Собравшись с духом, не размышляя и не выбирая, Марк прочел пару од и несколько эпиграмм – может быть, не самое лучшее. Но ни Сципион, ни Люцилий, к вящей радости Марка, порицания не высказали.
– В общем, неплохо! – заметил Люцилий. – В некоторых местах несколько растянуто, немного подражания Теренцию, – в этот момент он заговорщицки улыбнулся Публию Сципиону и Лелию, – а в общем, слог твердый, и недурная, я бы даже сказал изящная, латынь! Как ты находишь, Публий?
– Согласен. Замечу, однако, – он обратился к Марку, – что, по моему мнению, поэзия – обычное занятие юношеских лет, в противном случае – это судьба, дело всей жизни. Здесь нельзя ошибиться и остановиться надо вовремя. Как Теренций. – Сципион на мгновение обернулся и вернул заговорщицкий взгляд Люцилию. Потом снова заговорил с Марком: – Помнишь, что сказал Аристофан? "Комедийное дело не шутка, а труд!" Отнесу это ко всей поэзии. Не думаю, что это твоя судьба, Марк.
– А как Вы полагаете, – с трепетом приступил Марк с новым вопросом, – можно ли испытать судьбу с помощью гаданий? Ответит ли она? Стоики в это верят свято. И все же я сомневаюсь: можно ли прикоснуться с помощью особых приемов к предначертанному Высшим Промыслом?
– Можно ли испытать судьбу в гаданиях? Думаю, да, но при условии, что и "особые приемы" дарованы Свыше.
– Твой отец, Сципион, был авгуром! Поэтому твоя вера естественна, – строго вставил грек Панетий.
– Конечно. Но ведь мне и самому неприятен религиозный скептицизм! – спокойно парировал Сципион. – Вот и мой друг, Га й Лелий, разделяет и веру предков, и убеждения стоиков в том, что судьбу можно узнать с помощью мантики, науки о гаданиях.
Панетий, убежденный стоик, сдержанно и с едва заметной обидой проговорил, неожиданно обращаясь к Марку:
– Я должен заметить, что не могу назвать моих римских друзей истинными стоиками!
– Вот как… – От такой прямоты Марк растерялся.
Гай Лелий добродушно и примирительно проговорил:
– Да мы и ораторствуем по сравнению с греками неважно!
"И это говорит тот, – восхитился Марк, – чьи речи служили нам в школе лучшим образцом ораторского искусства!"
– Но изучать твою, Панетий, науку, – продолжал Лелий, – было чрезвычайно увлекательно и полезно. Кроме прочего, это отточило наш негибкий римский ум и сделало легким изучение и прочих важных предметов.
– "Прочих важных предметов"! – воскликнул Панетий. – Хорошо, что ты не сказал "более важных, чем стоицизм или философия"!
– Неужто тебе так дорога философия? Дороже всего на свете?! – Голос смешливого Люцилия был совсем не серьезен.
Но Панетий предпочел не заметить шутки:
– Дороже всего. У философии великое предначертание. Разве не так, Публий?

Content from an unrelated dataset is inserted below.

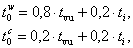 Здесь ti - расчетная температура воздуха или жидкости внутри сооружения в
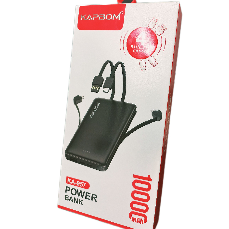Carregador Portátil Power Bank 10000 mAh Kapbom KA-957 Original Com 4 Cabos embutidos Lightning, Tipo-C, Micro USB e para próprio carregamento

– Повторю то, что уже говаривал тебе, Панетий. По моему мнению, главное назначение философии – учить тому, что судьба непостоянна, фортуна переменчива, а дела людские шатки: сегодня ты – победитель, завтра же, кто знает, не придется ли просить милости у тех, над кем лишь вчера одерживал верх. Судьба преподносит нам суровые уроки, которые мы не забываем. Но в полной мере понять их или сделать верный вывод мы зачастую не можем.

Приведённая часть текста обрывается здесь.